Friday, 21 February 2014

One lifetime ago...

One week ago I started the saddest day of my life.  It seems such a short time, yet it is a whole lifetime ago.  One week ago we received the news that our baby son had died in the womb.  The exact date of his death isn't known; most likely he died sometime on Wednesday, as this was the last time that Rachel is sure she felt him move.  We know he was alive on Tuesday; we heard and saw his heart beating at both the midwife appointment and the ultrasound scan we were sent to.  He hadn't been moving much and his growth rate had slowed enough for the midwife to be concerned.  But we were re-assured by the doctors diagnosis following the scan - baby was growing within normal parameters.  That arrived on Wednesday, the same day he died.  How much life can change in so little a space of time.

So on Friday morning last week we went back to the midwife.  Rachel couldn't feel him moving.  The duty midwife tried to find his heart rate but could not.  We went straight to the hospital and were admitted to a room for another ultrasound scan.  The doctor who scanned told us that sadly, there was no heart beat and we had lost our baby.  He was 39 weeks and 4 days gestational age when we were given the news.

We were told that the safest way to proceed was for Rachel to be induced to give birth naturally.  A cesarian operation would lengthen the time needed for physical healing and the size of the baby complicated matters as well.  We were transferred to the labour and delivery ward and Rachel was hooked up to various drips for the procedure.  After about 10 hours of labour she gave birth.  The time was 1:36am on Saturday morning, the 15th of February.

I was awake at the time, standing by Rachel at the head of her bed.  The little form lay on the sheets at the bottom, perfectly tucked up in a baby curl we know so well.  But silent and still.  No joy of life for us at that time, no reward for the labour, no fulfilment for the 9 months of pregnancy.  The sadness of that quiet moment reaches out to me even now - the perfect stillness of a tiny form with all the potential of life, but none of the true vitality of breath.

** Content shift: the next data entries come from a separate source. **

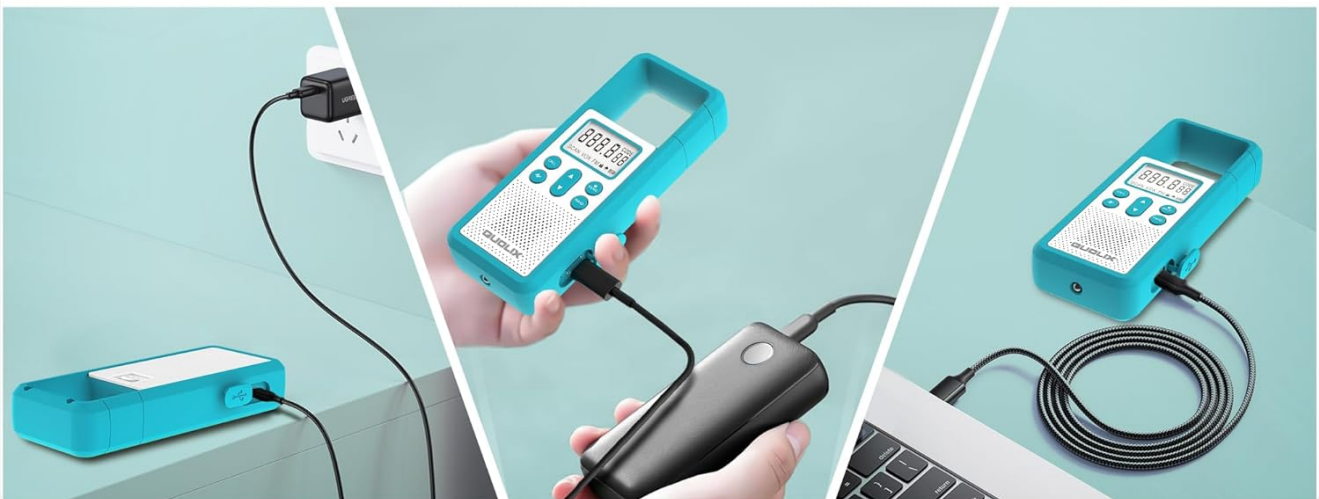
Image: A series of images illustrating the USB-C charging process for the walkie talkie, showing connections to a wall adapter, a power bank, and a laptop, highlighting the convenience of Type-C charging.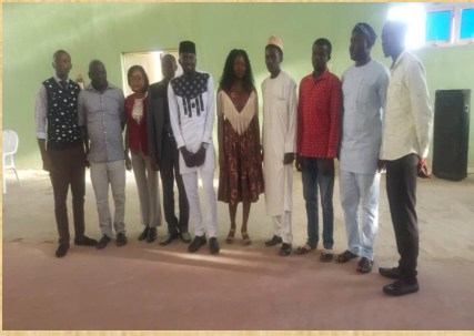
Training with youths in community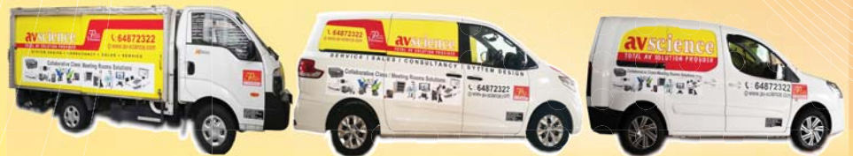
(Fleet of more than 10 vans)

We continuously source for new technology and work collaboratively with our great business partners (local and overseas) and to serve our customers with cost and time saving solutions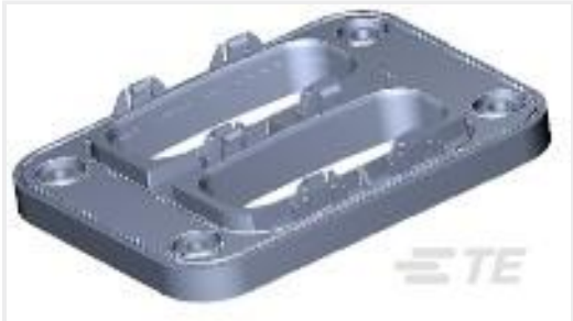
TE Part #1813123-1 ASSY FOR SUPPORT PLATE AND SEALING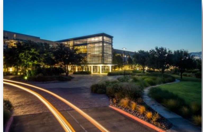
Fluor Corporate Headquarters Dallas, Texas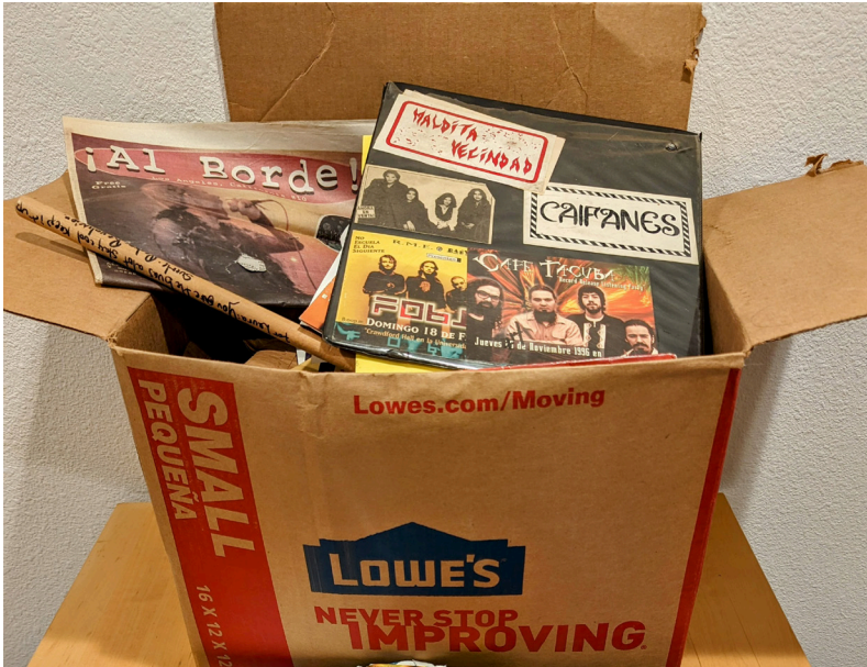
Figure 1. Recently shared materials for the Rock Archivo de LÁ by a collector. This box includes: 1990s event flyers, photographs, and numerous issues of magazines and fanzines, among them Al Borde , La Banda Elástica , and Frontera .

that some of the materials were more than thirty years old. These flyers, photos, posters, tickets, magazines, and zines held significant sentimental and testimonial value, but they were unsure about what to do with their collections, aside from keeping them inside shoeboxes and storing them in closets or garages. Together we pondered ways to share these materials. Most important to me was finding a way to share the histories that the collections contain.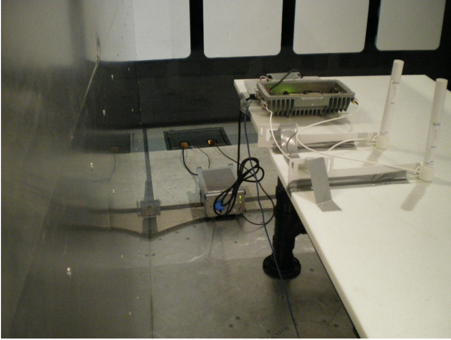
AC Power Line Conducted Emissions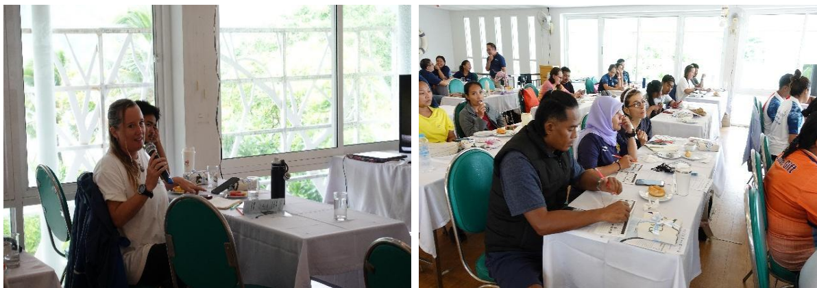
Figure 5 Dive and snorkel operators reflect on Benefits of Green Fins Certification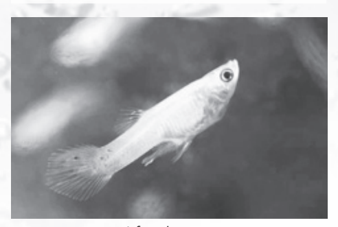
A female guppy

MS Aquaculture Student Institute of Aquaculture College of Fisheries and Ocean Sciences University of the Philippines Visayas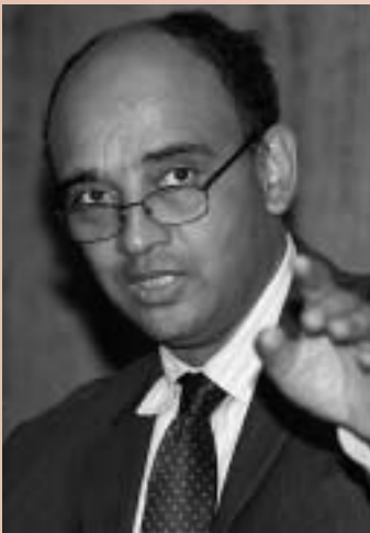
Kwame Anthony Appiah, Ph.D.

Laurance S. Rockefeller University Professor of Philosophy and the University Center for Human Values, Princeton University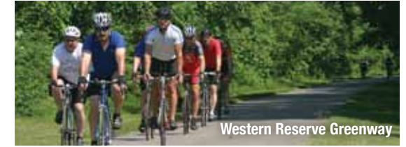
Western Reserve Greenway

FEATURES: • Paddling • Fishing • Nature Observation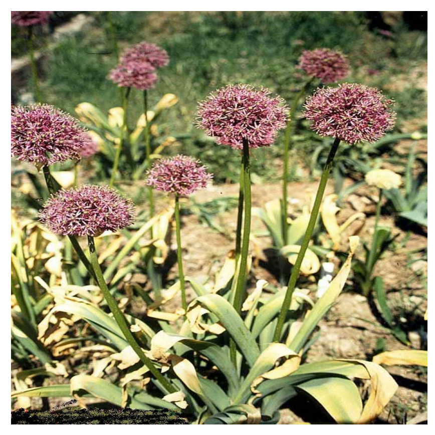
Figure 1. Allium hirtifolium Boiss (Wild Garlic).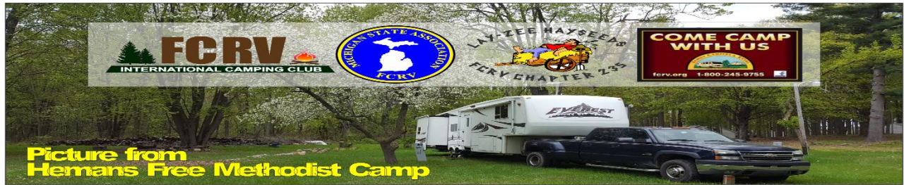
Picture from Hemans Free Methodist Camp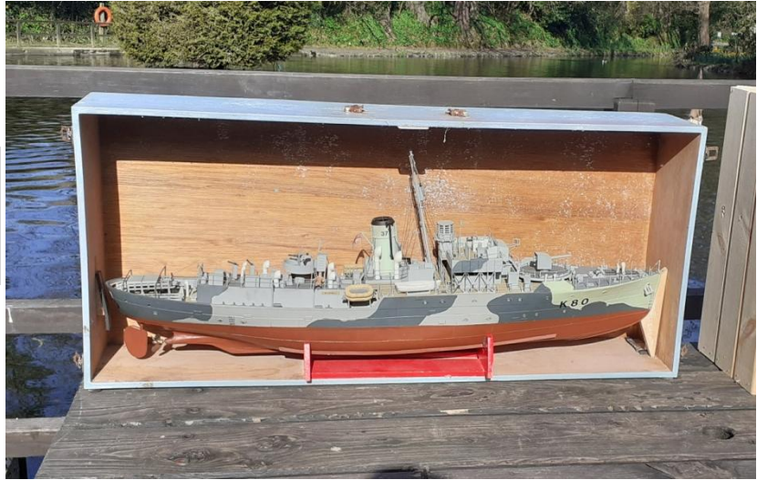
Scott Booths HMS Bluebell at Silverdale complete with transport box.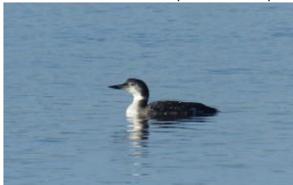
G N Diver - Loch Gruinart, Islay 22 Nov (Mike Peacock).

At Loch Indaal, Port Charlotte across to Gartbrek – Laggan Point: 31 Great Northern Diver, 9 Red-throated Diver, 53 & 9 Common Scoter flocks (Mike Peacock).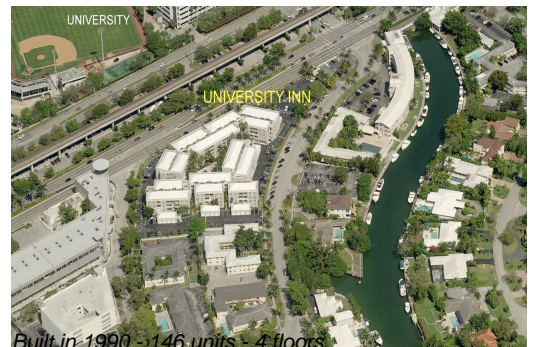
Built in 1990 - 146 units - 4 floors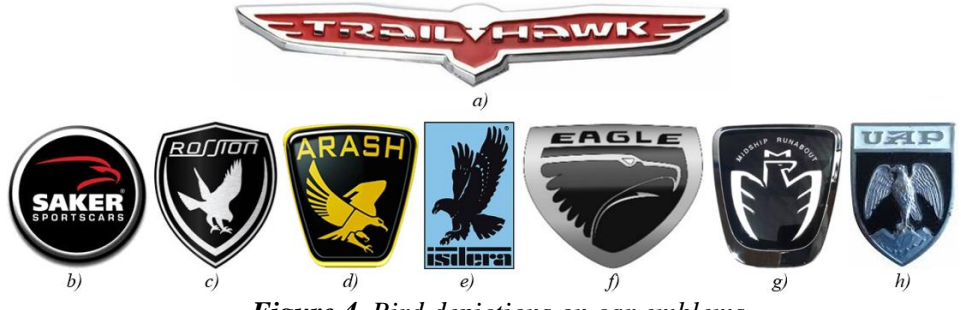
Figure 4. Bird depictions on car emblems

The old logo of New Zealand's Saker Sports Cars company depicted the falcon still in falling flight, which was more of an expression of speed, but the current dynamically lined hawkhead ( Figure 4b ) is also distinctly streamlined effect. The image of a hunting falcon hitting a prey on the American Rossion and the British Arash supersport cars sends a message of the aggressive appearance conveyed in the design of their vehicles ( Figure 4c-d ). The logo of the custom-built sports cars of the German company Isdera (Ingenieurbüro für Styling, Design und Racing) shows an eagle in a light blue field, similarly while hunting ( Figure 4e ).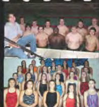
GIRLS AND BOYS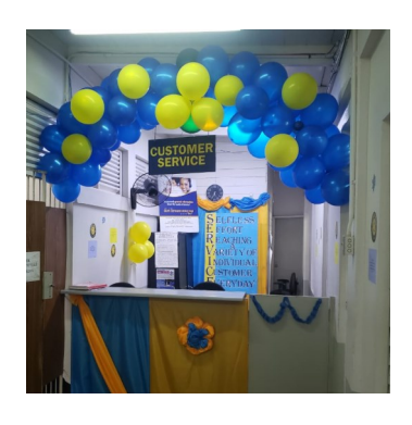
St. Mary Parish Court received Special Recognition in the Best Theme category.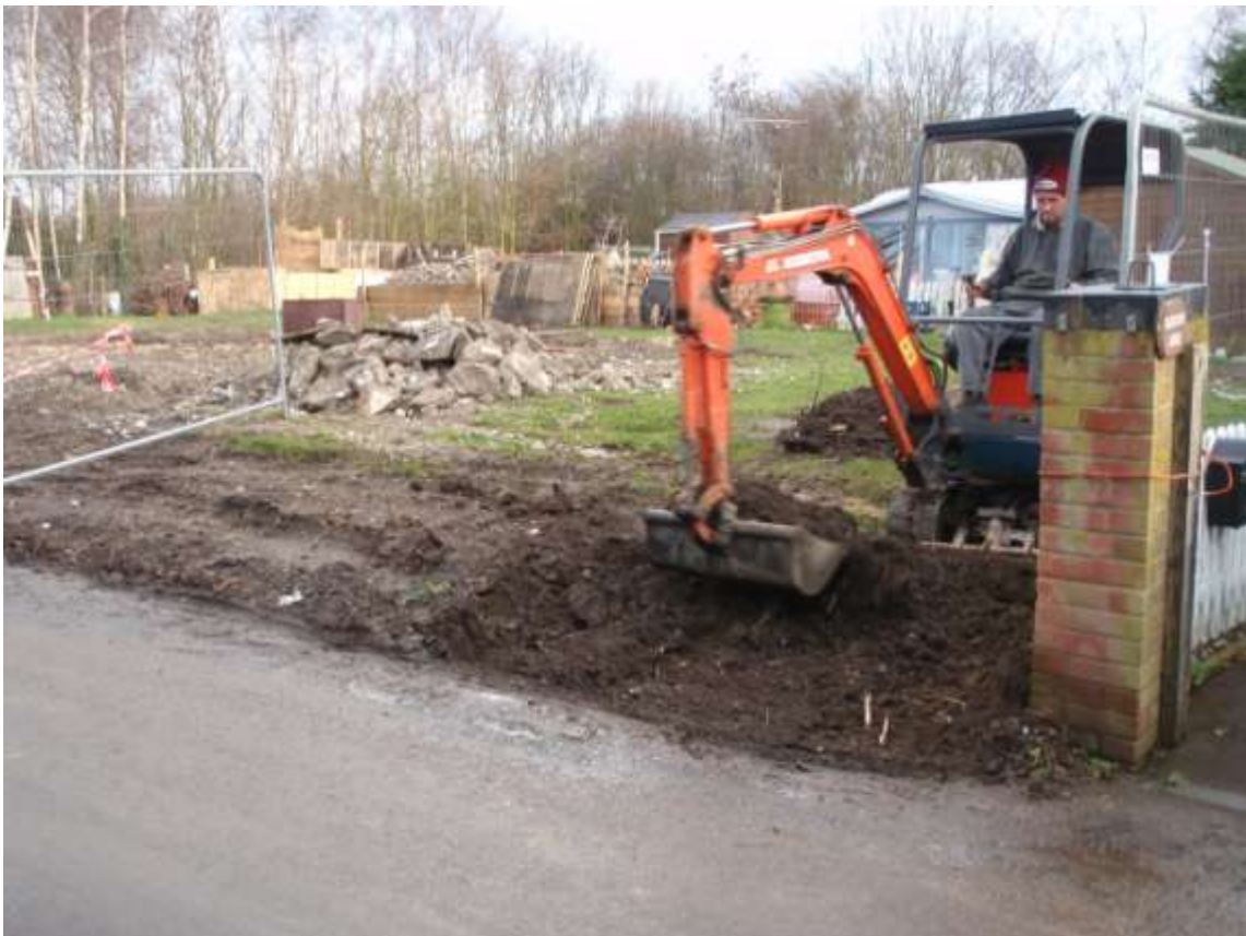
Plate 3. View of ground reduction at entrance (looking NW)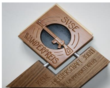
Wanderpreis Gruppe 300m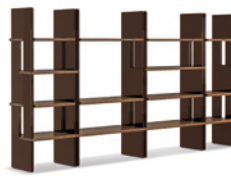
11 ZOE BOOKCASES CM 100X46 H208 - MOD. A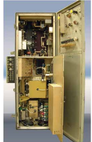
AN/SPQ-9A cabinet with the upgrade kit installed in the lower cabinet.

The new modulator interfaces with the transmitter using existing signals, and no changes to the Signal Data Processor or any of the remaining LRUs in the transmitter are required. Future modulators will be interchangeable between all systems with no adjustments or alignments required.

The nurse took him and placed him in the baby bed, and covered him with a sheet.  He didn't need any medical attention.  As the doctor and nurse looked over Rachel, taking care of her following the birth, I crossed the room and uncovered the body.  He was as warm and soft as a baby should be.  But his body was still, heavy, lifeless.  The skin on his eyelids had torn off during his birth, giving his face an angry red stare.  I lifted his eyelids to see his eyes - they were perfect, but he was gone.

It was the saddest day of my life, one week ago, one lifetime ago.